Blum–Ittah aziridine synthesis
- Named after: Jochanan Blum Ytzhak Ittah
- Reaction type: Ring forming reaction

= Blum–Ittah aziridine synthesis =

Chemical reaction

The Blum–Ittah aziridine synthesis, also known as the Blum–Ittah-Shahak aziridine synthesis or simply the Blum aziridine synthesis is a name reaction of organic chemistry, for the generation of aziridines from oxiranes.

==Mechanism==

The oxirane is first converted into a 2-azidoalcohol with the use of an azide such as sodium azide. The azido alcohol is then reduced with the use of a trialkylphosphine such as triphenylphosphine in a manner similar to the Staudinger reaction, concomitant with loss of N_{2}. The resulting phosphanimine (formerly called iminophosphorane) intermediate is then attacked by the alcohol, with oxygen forming a bond with the phosphorus atom. Forming a ring intermediate.
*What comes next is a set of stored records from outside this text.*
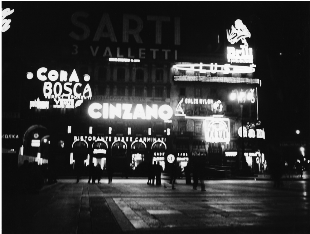
Figure 5. Paolo Monti, Night view of the Piazza Duomo, Milan, 1950–1970 C.085.18.03. On the top right is the advertisement for Brill shoe cream.

Between 1956 and 1957, we arrived in Genoa[;] I don't remember almost anything about the arrival in Genoa, nor [do] I recall when we arrived in Milan[;] we came [to] Milan by train. I remember only one evening, when my father took us for a tour of the city, the facade opposite to the Dome [was] full of coloured advertisements, neon lights, that for us were something new[;] we hadn't seen something like this in Egypt[, and I remember one advertisement in particular, it a silly thing perhaps, but ... the man who cleaned his shoes, a little man who showed how his shoes shone. 81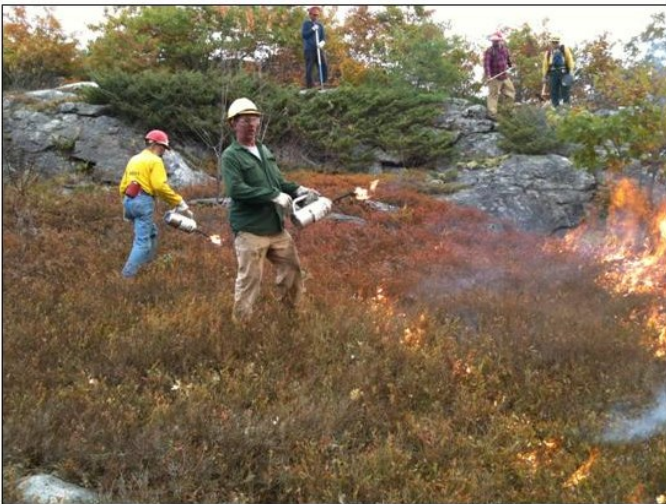
Managing Foss Mountain Blueberries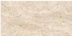
TRAVERTINE ANDES YELLOW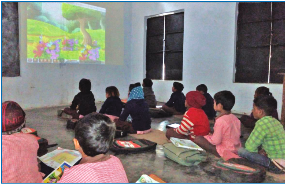
SHIKSHA Initiative ICT Class

हूँ – अरे सारे गाँव के मुर्गा यहीं आ गए क्या? बच्चे हँसते हैं। उनसे शेर की आवाज निकालने के लिए कहता हूँ। जब बच्चे शेर की आवाज निकालते हैं और मैं उरकर गिरने का अभिनय करता हूँ, तो सारे बच्चे खिलखिलाकर हँस पड़ते हैं। इस बात – चीत में मैं उनकी भाषा बोलने का प्रयास करता हूँ तािक मैं उनकी कल्पनाशिक्त के पंख लगाने के लिए और हिन्दी शब्दों को सिखाने के लिए और हिन्दी शब्दों को सिखाने के लिए Content (CMS) चलाकर किवताओं के माध्यम से शब्दों का उच्चारण करवाकर खेल-खेल में भाषा से जुड़ाव करने का प्रयास करता हूँ।"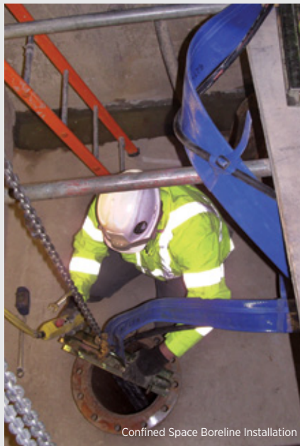
Confined Space Boreline Installation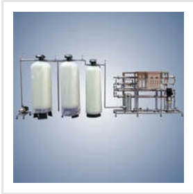
Industrial Water Softener And RO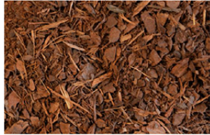
Bark mulch soft-fall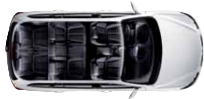
Full 7 seat configuration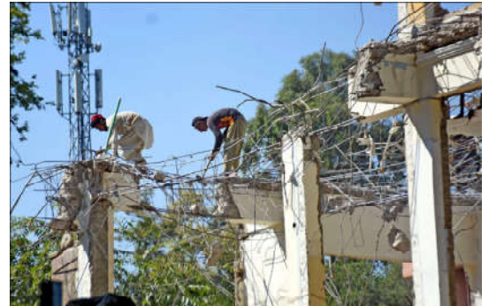
ISLAMABAD: Laborers are busy in dismantling a building at Sitara Market in the Federal Capital.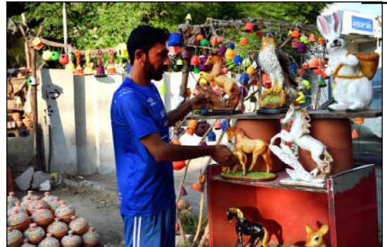
LAHORE: A vendor arranging and displaying the different kinds of clay made decoration items to attract the customers at his roadside setup.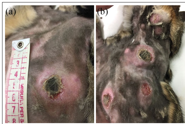
Figure 1 (a) A single nodular lesion, 3 cm in diameter, localised on the medial surface of the left thigh, presenting with a scab on the top. (b) Round, nodular lesions, localised in the region of the thorax and abdomen. The cat was first subjected to hair removal, which highlighted the hyperaemic aspect of skin

Nearly a month after the skin nodule eruption, the cat was presented for clinical evaluation and pharmacological treatment. Corticosteroids improved the patient's

After a proton transfer, a pair of electrons from the oxygen atom shifts onto the phosphorus atom, and the phosphorus-nitrogen bond breaks, with the electron pair shifting onto the nitrogen atom. The negatively charged nitrogen atom attacks the carbon atom that the oxygen atom is connected to. This gives us our desired aziridine and a trialkylphosphine oxide as a side product.

==Applications==

The Blum-Ittah aziridine synthesis has been used in the synthesis of α-methylserine and 6-Azabicyclo[3.2.1]octanes.